AIM OF THE TASK: Your copy runs from the line containing "FICHE verte de" through the last line of the listing, both included. Restate those lines word for word and leave out pictures.

DATA:
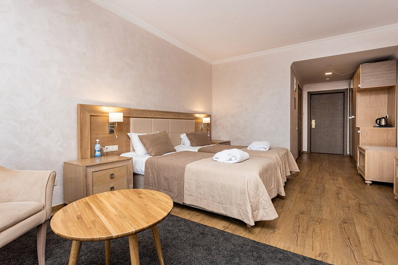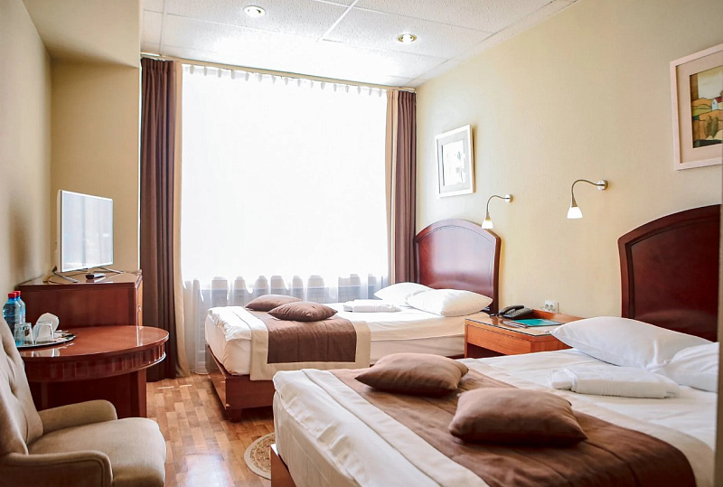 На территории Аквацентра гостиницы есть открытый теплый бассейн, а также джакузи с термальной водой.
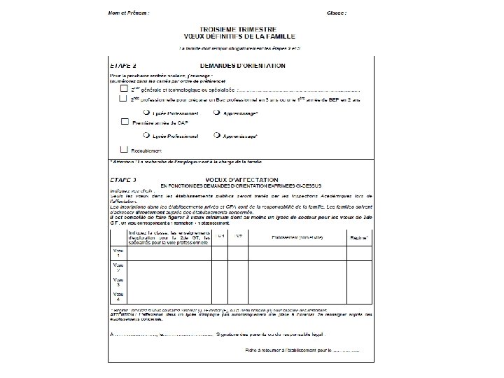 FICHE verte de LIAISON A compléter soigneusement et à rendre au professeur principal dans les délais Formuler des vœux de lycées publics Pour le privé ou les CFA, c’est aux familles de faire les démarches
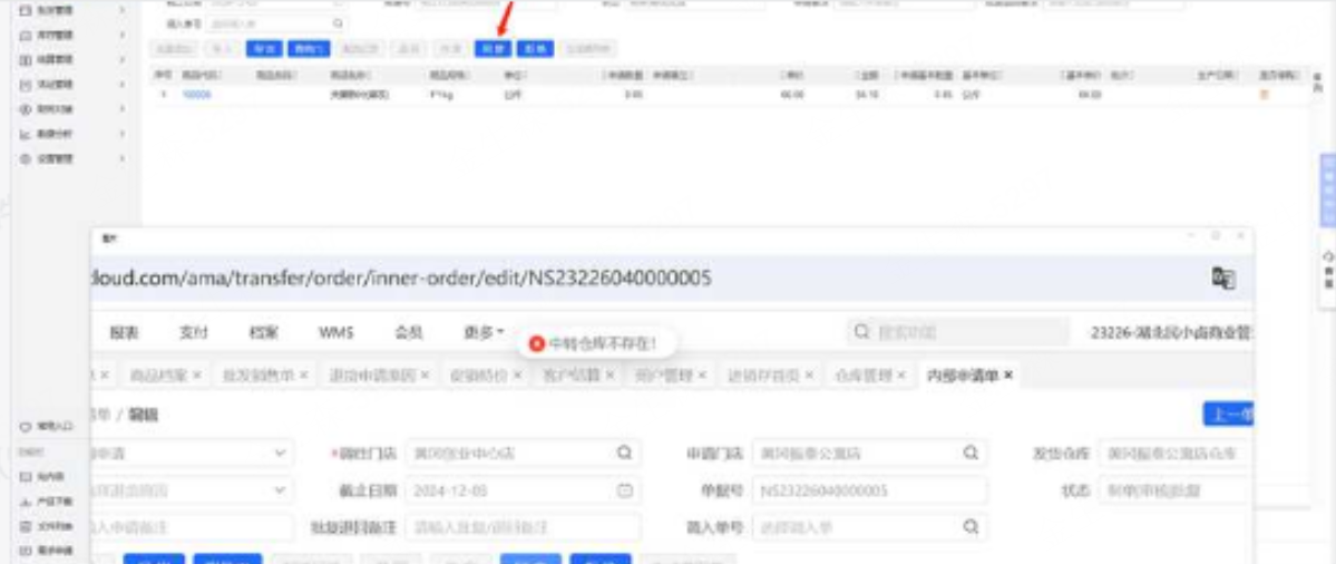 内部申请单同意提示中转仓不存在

SOLUTION TO THE PROBLEM:
 FICHE verte de LIAISON A compléter soigneusement et à rendre au professeur principal dans les délais Formuler des vœux de lycées publics Pour le privé ou les CFA, c’est aux familles de faire les démarches
 内部申请单同意提示中转仓不存在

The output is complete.